With more than 325,000 alumni, there are countless stories of SigEp men who have devoted their entire adult lives to ideals formed during the college years. We celebrate their triumphs and extraordinary contributions in chapter newsletters and on homecoming weekends, in the pages of the Journal and at national gatherings. Above all accolades, one award stands out. And so we present the Order of the Golden Heart at the biennial Grand Chapter Conclave — the Fraternity’s largest stage.

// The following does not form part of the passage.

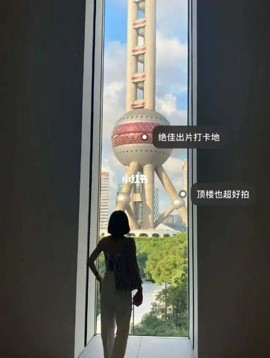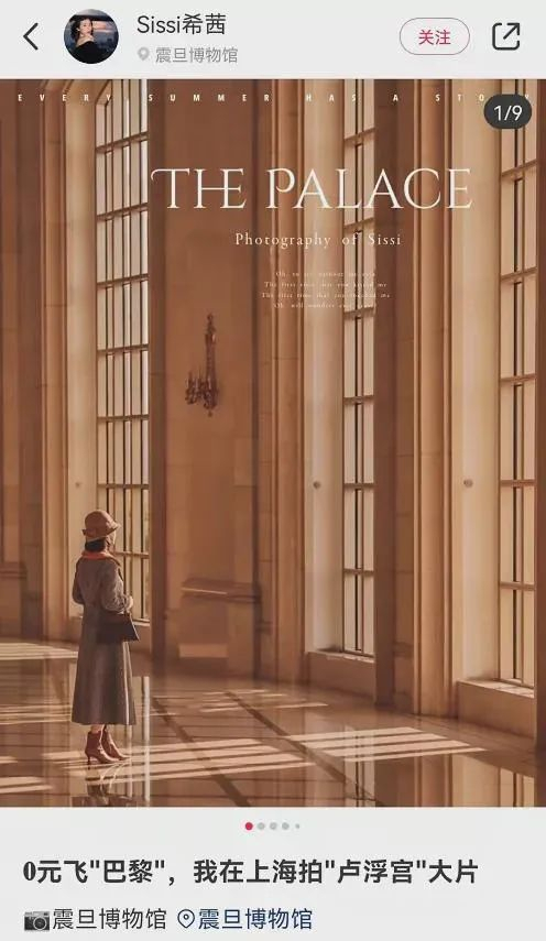 还有博主推荐说,上海有很多艺术场馆的陈设都很棒,出片率极高。比如在震旦博物馆的落地窗前,居然能拍出“卢浮宫”的大气效果。

The Order of the Golden Heart is the Fraternity’s highest honor. Its members have made a unique and measurable impact on the SigEp experience through a lifetime of service, often at great personal sacrifice. Conceived by Past Grand President Bedford W. Black, Wake Forest ’41, the gold medallion was first awarded at the 1959 Conclave. Only 160 SigEp alumni have received this great honor, and inductees join a lineage that begins with Founder William “Uncle Billy” Phillips, Richmond 1903.
The article below shares the stories of three honored with this award at the 55th Grand Chapter Conclave. Their life journeys and commitment to SigEp virtues serve as inspiration for us all.
Gary Ordway, Drake ’66
Brother Ordway’s 47 years of service to SigEp began when he starting advising his chapter a few years after graduating. Decades before fraternities and universities began promoting alcohol awareness, he was organizing seminars for brothers on the dangers associated with drinking. It was this type of visionary thinking that enabled him to guide frustrated alumni through the chapter’s closure in the mid-1990s. As AVC president, he inspired these volunteers to work to recharter the chapter — something no other fraternity had ever managed to do at Drake. The chapter restarted in 2000 with just 15 men. By 2002, Iowa Delta had a new charter, and the next year, a Buchanan Cup. This was just the first of many Buc Cups and a period of phenomenal growth that has seen the chapter soar to more than 100 men. Through it all, Ordway was there, personally mentoring undergraduates, emphasizing the importance of academics, championing the value of a substance-free home and building a culture where mistakes of the past won’t be repeated. Today, he continues to lead the AVC and has steered Iowa Delta through RLC accreditation, a capital campaign and renovation of the chapter home.
Denis Dieker, Wichita State ’77
Brother Dieker’s engagement as a volunteer began when he became AVC treasurer following graduation. He soon began contributing to the alumni newsletter and has played a key role in keeping alumni informed and connected ever since. For three years, he served as a district governor and then resumed volunteering with his home chapter as AVC president. During this time, Dieker focused on recruiting more volunteers and established terms for certain positions. This led to stronger connections between alumni and undergraduates and more consistent mentoring of undergraduate leaders. It also enhanced the experience for volunteers by giving them the opportunity to serve in a variety of roles. Before transitioning back to the role of treasurer, Dieker kick-started fundraising efforts for a new chapter home and later managed the AVC’s successful $2.4 million capital campaign. Now a general AVC member, he spends a great deal of time working directly with undergraduates. He supports national leadership programming through the NUTS! McAuliffe Society and the Educational Foundation and has also established scholarships for brothers in his home chapter.
Bert Harris, Florida ’74
In his early years as a volunteer, Brother Harris served as an advisor and chapter counselor to two chapters while also attending law school. He later served as AVC president for one of these chapters while building his own practice. He brought a special quality to the role, gaining the admiration of fellow volunteers for his commitment and leadership in the process. His dedication and ability to lead served Harris well as he transitioned into the role of SigEp National Housing trustee and soon after, president of SENH. Over the next 15 years, he broadened the level of services the Fraternity could provide by expanding SENH’s lending capability and through the launch of the property management program. These initiatives have enabled AVCs to provide high-quality housing that enhances the SigEp experience. Harris later served on the National Board as Grand Secretary. From 2011 to 2013, he served as Grand President, laying the groundwork for the resurgence of the Balanced Man Program. Since concluding his term, he is once again volunteering with his home chapter, serving as president of the Florida Alpha Educational Foundation.